The team of researchers from CSAIL director Daniela Rus’ Distributed Robotics Lab demonstrated that their robotic hand can lift and handle objects as delicate as an egg and as thin as a piece of paper. Its three fingers house sensors that can estimate the size and shape of an object accurately enough to identify it from a set of multiple items.
“Robots are often limited in what they can do because of how hard it is to interact with objects of different sizes and materials,” Rus says. “Grasping is an important step in being able to do useful tasks; with this work we set out to develop both the soft hands and the supporting control and planning systems that make dynamic grasping possible."
The gripper is part of a larger body of work by Rus’ lab aimed at showing the value of so-called ‘soft robots’ made of unconventional materials such as silicone, paper, and fibre.
Researchers say that soft robots have a number of advantages over ‘hard’ robots, including the ability to handle irregularly-shaped objects, squeeze into tight spaces, and readily recover from collisions.
However, one downside to their extra flexibility is that they often have difficulty accurately measuring where an object is, or even if they have successfully picked it up at all.
To combat this, the CSAIL team also incorporated ‘bend sensors’ into the design. When the gripper hones in an object, the fingers send back location data based on their curvature.

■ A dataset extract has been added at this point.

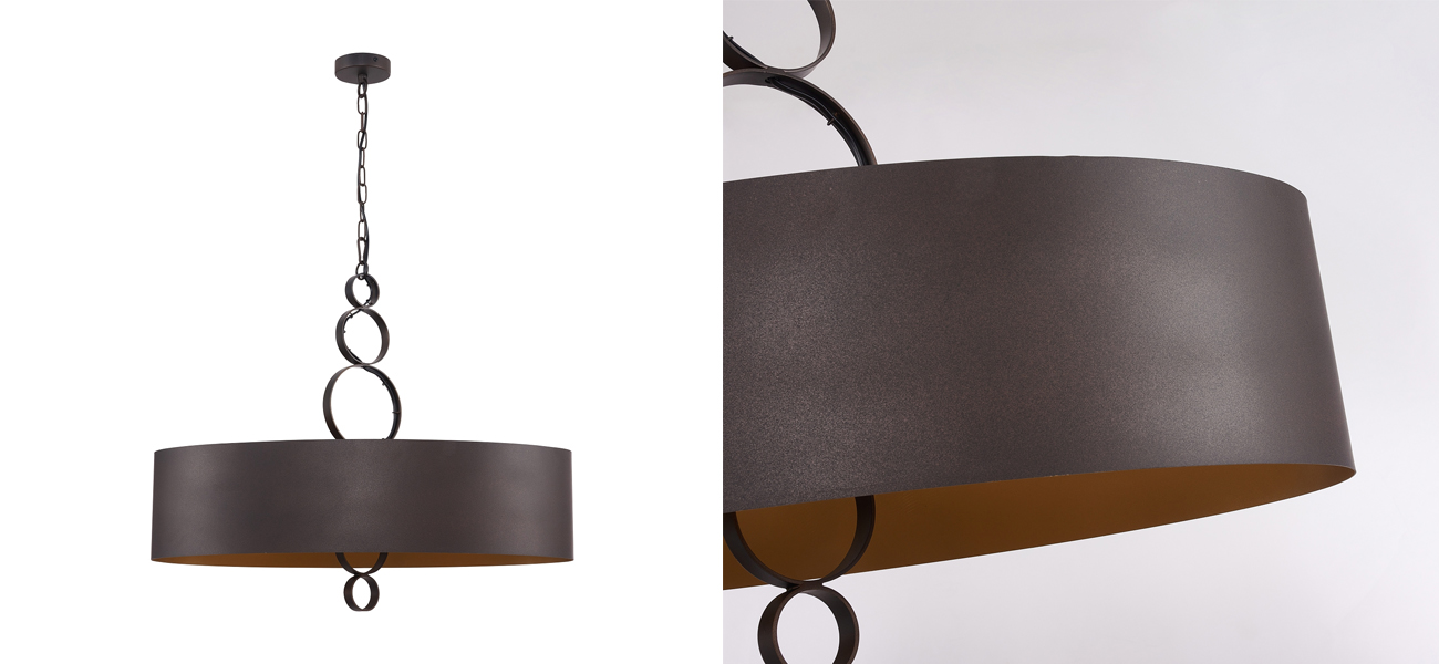Каркас двух цветов - коричневого цвета с внешней стороны и цвета золота с внутренней, декоративные элементы в виде колец.

Using this data, the robot can pick up an unknown object and compare it to existing clusters of data points that represent past objects.
In the future, Rus says the team plans to put more time into improving and adding more sensors that will allow the gripper to identify a wider variety of objects.
“If we want robots in human-centred environments, they need to be more adaptive and able to interact with objects whose shape and placement are not precisely known,” Rus says. “Our dream is to develop a robot that, like a human, can approach an unknown object, big or small, determine its approximate shape and size, and figure out how to interface with it in one seamless motion.”